EXERCISE REQUIREMENTS → Only an exact repetition of the lines from the one holding "어떤 작업을 처리하는" to the end of the data is wanted, with pictures left out.

RAW DATA →

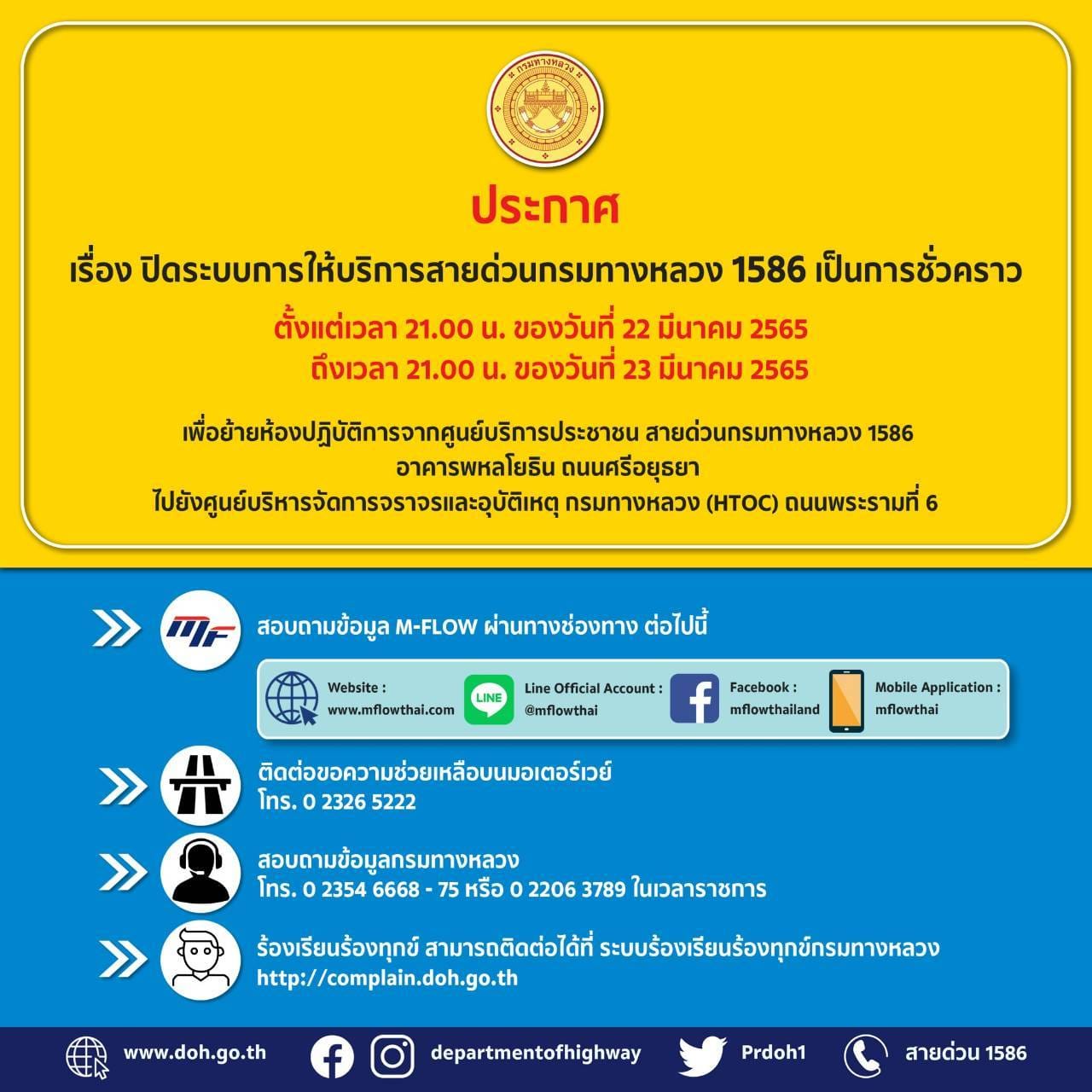 กรมทางหลวงแจ้งปิดให้บริการสายด่วน 1586 ชั่วคราว ตั้งแต่เวลา 21.00 น. ของวันที่ 22 มีนาคม 2565 ถึงเวลา 21.00 น. ของวันที่ 23 มีนาคม 2565 โดยสามารถสอบถาม ร้องเรียนปัญหา หรือขอความช่วยเหลือผ่านช่องทางหมายเลขโทรศัพท์สำนักงาน, Facebook และ Application Line
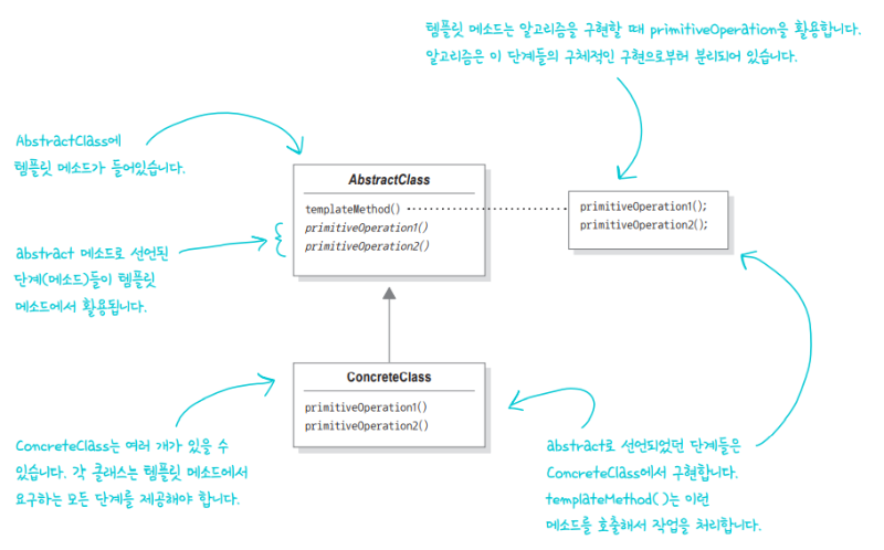 어떤 작업을 처리하는 일부분을 서브 클래스로 캡슐화해 전체 일을 수행하는 구조는 바꾸지 않으면서 특정 단계에서 수행하는 내역을 바꾸는 패턴이다.
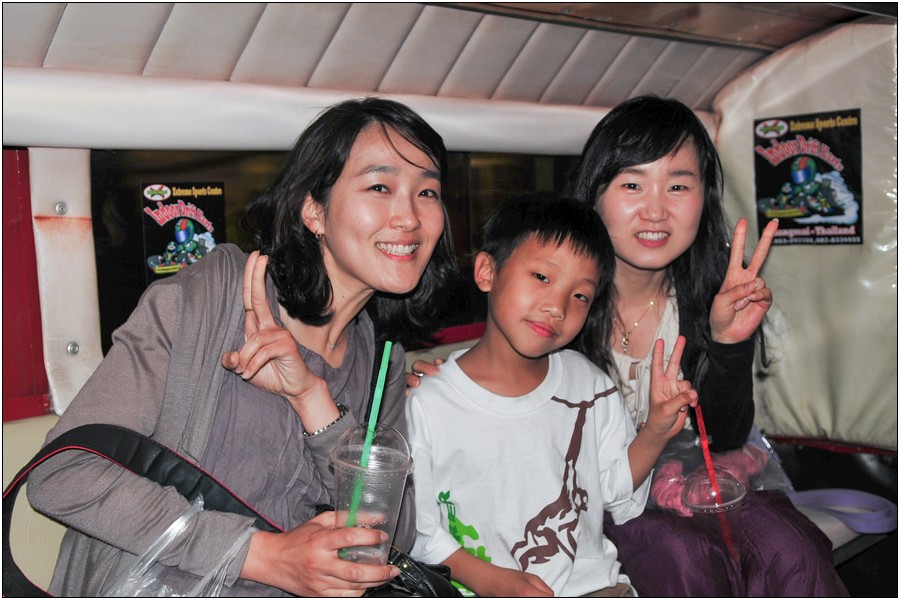 搭『雙條』回清邁市區與二位韓國美咩同車,韓咩當然是被老狼逗樂了,把機會讓給小狼跟漂亮姊姊合照,結束今天Fly of Gibbon+帝王餐的Happy day,明天帶小狼參觀清邁動物園,比木柵動物園好玩喔!

EXPECTED ANSWER →
 어떤 작업을 처리하는 일부분을 서브 클래스로 캡슐화해 전체 일을 수행하는 구조는 바꾸지 않으면서 특정 단계에서 수행하는 내역을 바꾸는 패턴이다.
 搭『雙條』回清邁市區與二位韓國美咩同車,韓咩當然是被老狼逗樂了,把機會讓給小狼跟漂亮姊姊合照,結束今天Fly of Gibbon+帝王餐的Happy day,明天帶小狼參觀清邁動物園,比木柵動物園好玩喔!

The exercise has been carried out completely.